> _INFORMATION GIVEN_

↓↓↓

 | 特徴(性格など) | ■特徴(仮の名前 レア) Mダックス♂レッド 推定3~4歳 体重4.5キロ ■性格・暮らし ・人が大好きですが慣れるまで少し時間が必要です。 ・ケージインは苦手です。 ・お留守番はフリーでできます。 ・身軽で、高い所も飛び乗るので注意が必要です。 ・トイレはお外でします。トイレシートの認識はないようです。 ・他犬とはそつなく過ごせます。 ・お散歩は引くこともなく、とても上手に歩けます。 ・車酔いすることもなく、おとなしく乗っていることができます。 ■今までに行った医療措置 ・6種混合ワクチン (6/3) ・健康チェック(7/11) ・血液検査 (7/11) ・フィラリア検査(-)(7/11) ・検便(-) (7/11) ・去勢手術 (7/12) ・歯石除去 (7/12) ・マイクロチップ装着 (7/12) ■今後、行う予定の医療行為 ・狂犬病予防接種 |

↑↑↑
↓↓↓

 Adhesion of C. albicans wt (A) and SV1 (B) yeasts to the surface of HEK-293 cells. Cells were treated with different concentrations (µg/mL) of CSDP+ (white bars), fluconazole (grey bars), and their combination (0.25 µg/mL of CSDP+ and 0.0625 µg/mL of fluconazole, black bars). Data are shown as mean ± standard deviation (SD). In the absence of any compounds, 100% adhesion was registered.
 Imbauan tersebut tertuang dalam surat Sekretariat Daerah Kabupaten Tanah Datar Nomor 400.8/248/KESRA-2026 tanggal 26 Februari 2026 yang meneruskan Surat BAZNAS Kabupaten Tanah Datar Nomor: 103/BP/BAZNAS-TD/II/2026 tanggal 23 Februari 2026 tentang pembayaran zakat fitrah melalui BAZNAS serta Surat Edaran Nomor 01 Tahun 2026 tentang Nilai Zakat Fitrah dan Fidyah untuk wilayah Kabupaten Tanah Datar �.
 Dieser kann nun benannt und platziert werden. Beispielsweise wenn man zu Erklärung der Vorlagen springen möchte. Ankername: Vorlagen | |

↑↑↑
↓↓↓

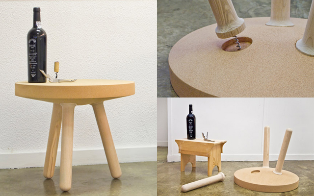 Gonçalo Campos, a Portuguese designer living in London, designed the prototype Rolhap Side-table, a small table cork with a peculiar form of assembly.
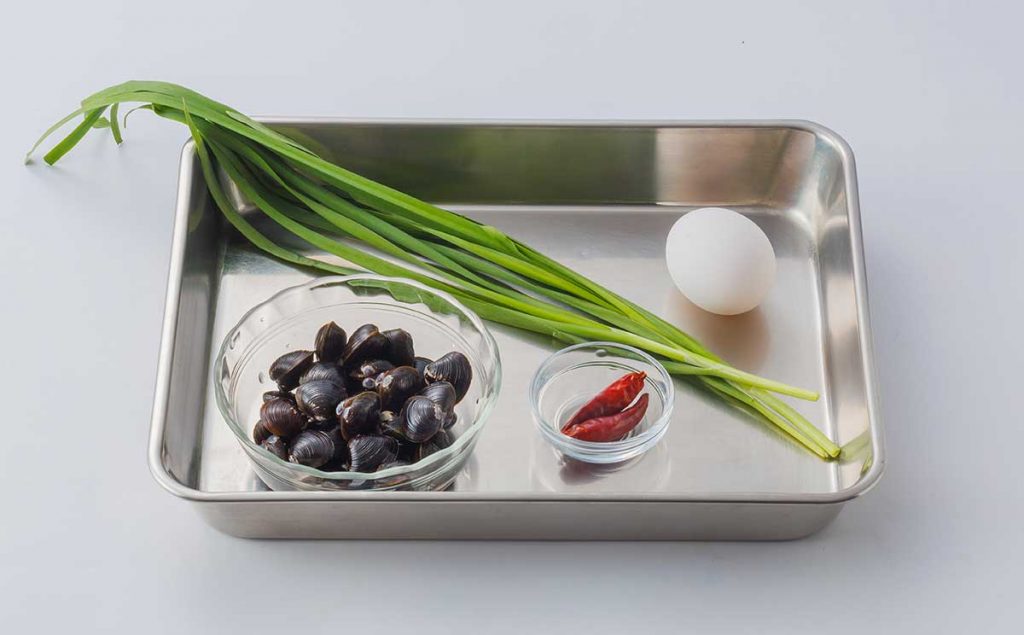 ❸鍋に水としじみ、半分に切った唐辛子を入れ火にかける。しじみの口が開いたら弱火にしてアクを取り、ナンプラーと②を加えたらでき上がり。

↑↑↑

> _TASK STATEMENT_
Among the entries above, the line containing "Imbauan tersebut tertuang", the line containing "Dieser kann nun", and all lines between them are to be restated word for word; nothing else belongs in the reply.

> _RESPONSE AREA_
 Imbauan tersebut tertuang dalam surat Sekretariat Daerah Kabupaten Tanah Datar Nomor 400.8/248/KESRA-2026 tanggal 26 Februari 2026 yang meneruskan Surat BAZNAS Kabupaten Tanah Datar Nomor: 103/BP/BAZNAS-TD/II/2026 tanggal 23 Februari 2026 tentang pembayaran zakat fitrah melalui BAZNAS serta Surat Edaran Nomor 01 Tahun 2026 tentang Nilai Zakat Fitrah dan Fidyah untuk wilayah Kabupaten Tanah Datar �.
 Dieser kann nun benannt und platziert werden. Beispielsweise wenn man zu Erklärung der Vorlagen springen möchte. Ankername: Vorlagen | |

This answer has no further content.